Em qualquer universidade, por exemplo, vocês acreditam que uma discussão curricular ou uma discussão sobre o modelo de avaliação dos professores é feita no mesmo ritmo ou apresenta resultados semelhantes na faculdade de engenharia e na faculdade de ciências sociais? Minha resposta é não. Cada faculdade, mesmo cada departamento é um submundo, com uma visão diferente do mundo, com diferentes valores e prioridades.

Esta introdução serve para expor o núcleo do problema: se uma universidade consegue forjar uma identidade perante o mundo, uma identidade de alta qualidade e, no caso colombiano, as universidades são credenciadas como tal, o que fez com que cada uma delas tivesse uma determinada identidade e prestígio? O que nos faz crer que são boas universidades? Será que isso se deve ao fato de que são bem gerenciadas?

Muitos de nós concordamos que a vida ideal de qualquer universidade é aquela em que a difusão e a crítica do conhecimento não são impostas através da autoridade, mas sim o fruto da ciência rigorosa e da arte e criação, do debate, da reflexão e da observação da realidade, e, portanto, as mudanças internas da instituição não devem ser realizadas por decreto, mas por convicção, por decisão dos próprios cientistas, dos acadêmicos (ou pelo menos por uma parte deles) e não apenas por imposição dos diretores. O diálogo, por assim dizer, maduro, feito sob critérios e parâmetros saudáveis, entre os diretores e uma comunidade acadêmica crítica e independente, é uma condição necessária da boa gestão e de uma boa universidade.

No entanto, e não é contraditório dizer isso, eu concordo que as universidades, depois de decorridos mais de quinze anos do século XXI, devem ter a capacidade de mudar algo, talvez mais do que imaginamos, de seu ethos, de sua maneira de ser, suas práticas, se quiserem sobreviver ao presente século com consistência e respeito; e talvez deveriam fazê-lo apesar da capacidade de mudança da mentalidade universitária, não só na Colômbia, como no mundo inteiro.

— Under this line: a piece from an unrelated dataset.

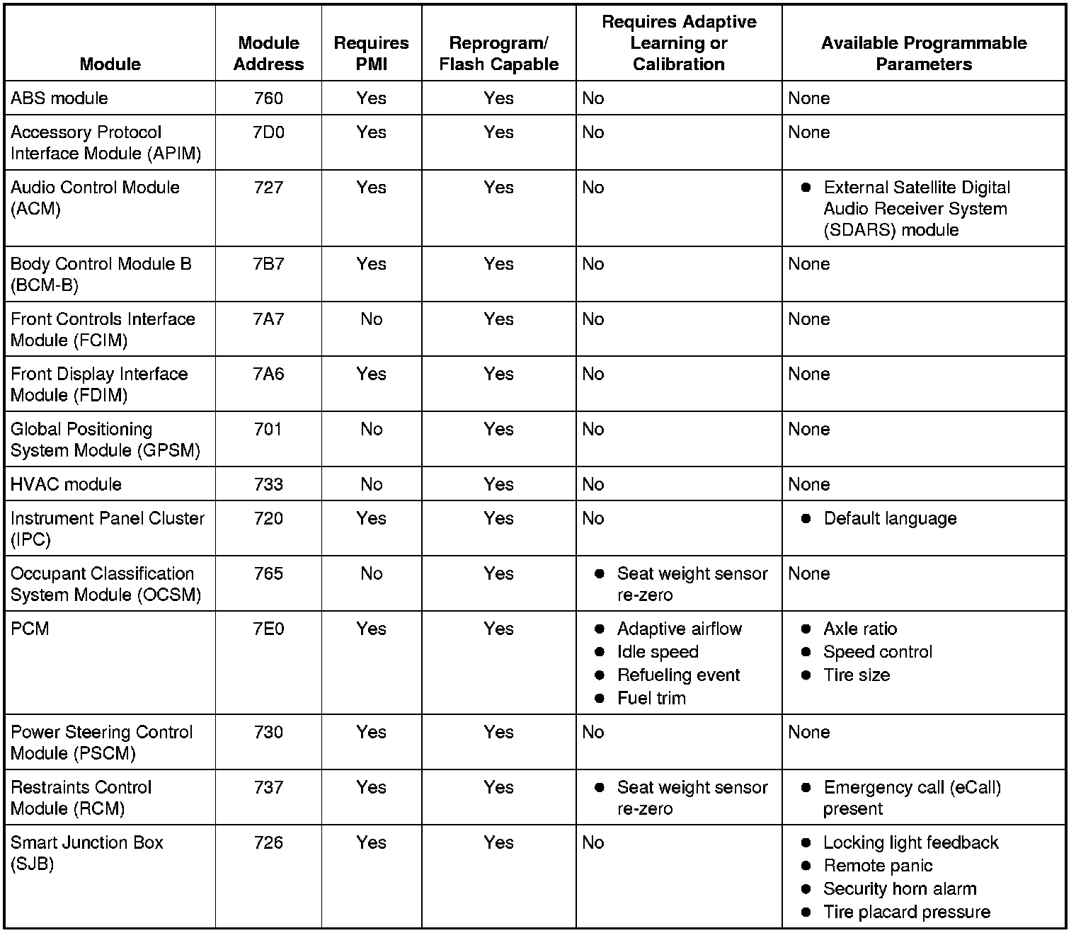 PMI is a scan tool process which configures settings in a new module. Data used for the PMI process is automatically downloaded from the original module and stored when a scan tool session is started. If this data cannot be retrieved from the module being replaced, the scan tool may prompt for As-Built data entry or display a list of parameter values that need to be manually selected. Some modules are reprogrammed during PMI when a strategy/calibration update is available. To carry out PMI, refer to Programmable Module Installation (PMI) Programmable Module Installation (PMI).
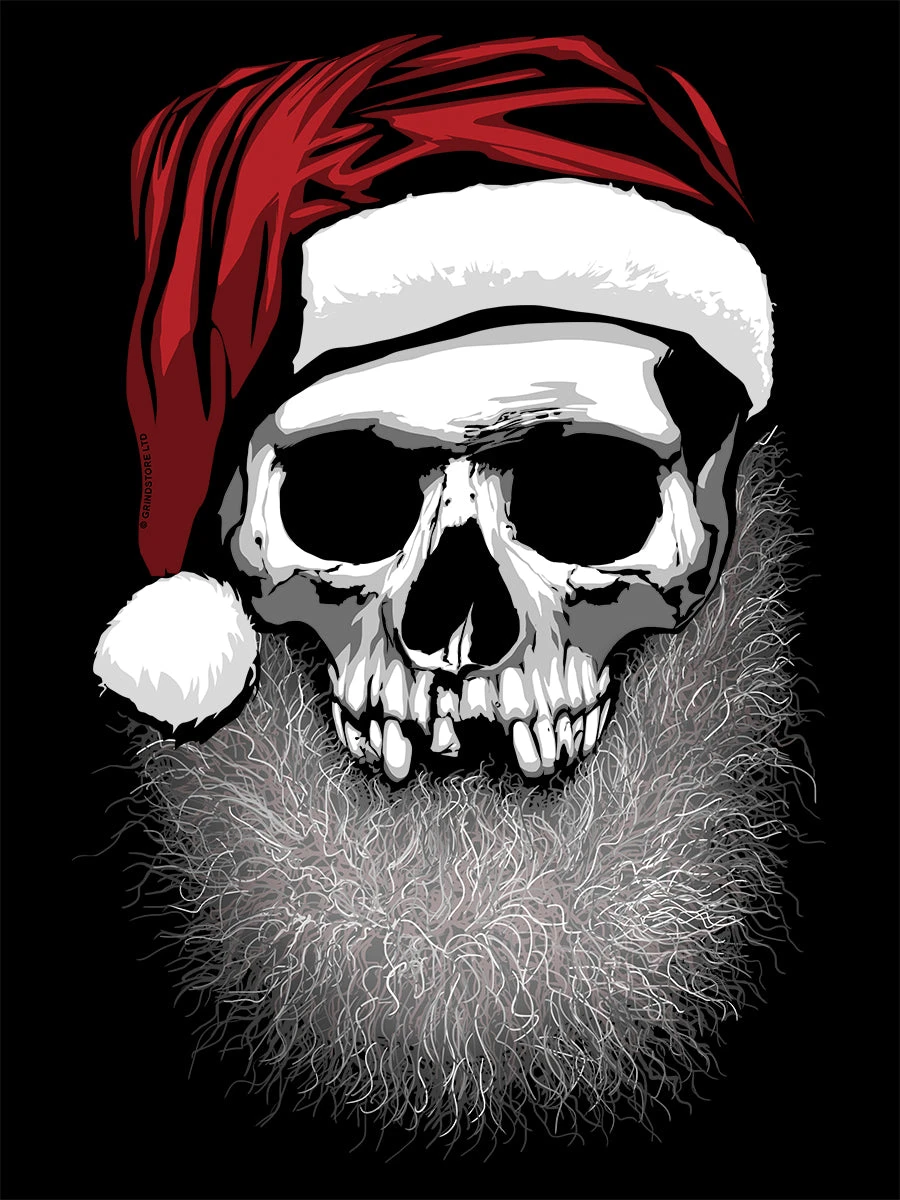 Christmas is the time for celebrating, so why not combine the holidays that you love the most! This black Santa Sack features a bearded skull donning a red festive hat.

Basta mencionar, como lembrou Tim Urban, que “somente no pequeno espaço de tempo que transcorreu entre 1995 e 2007, o mundo inteiro testemunhou a explosão da internet, a internalização do Google, Facebook e afins na consciência pública, o nascimento das redes sociais e a introdução [massificação, diria] dos celulares que logo se tornaram telefones inteligentes”[1].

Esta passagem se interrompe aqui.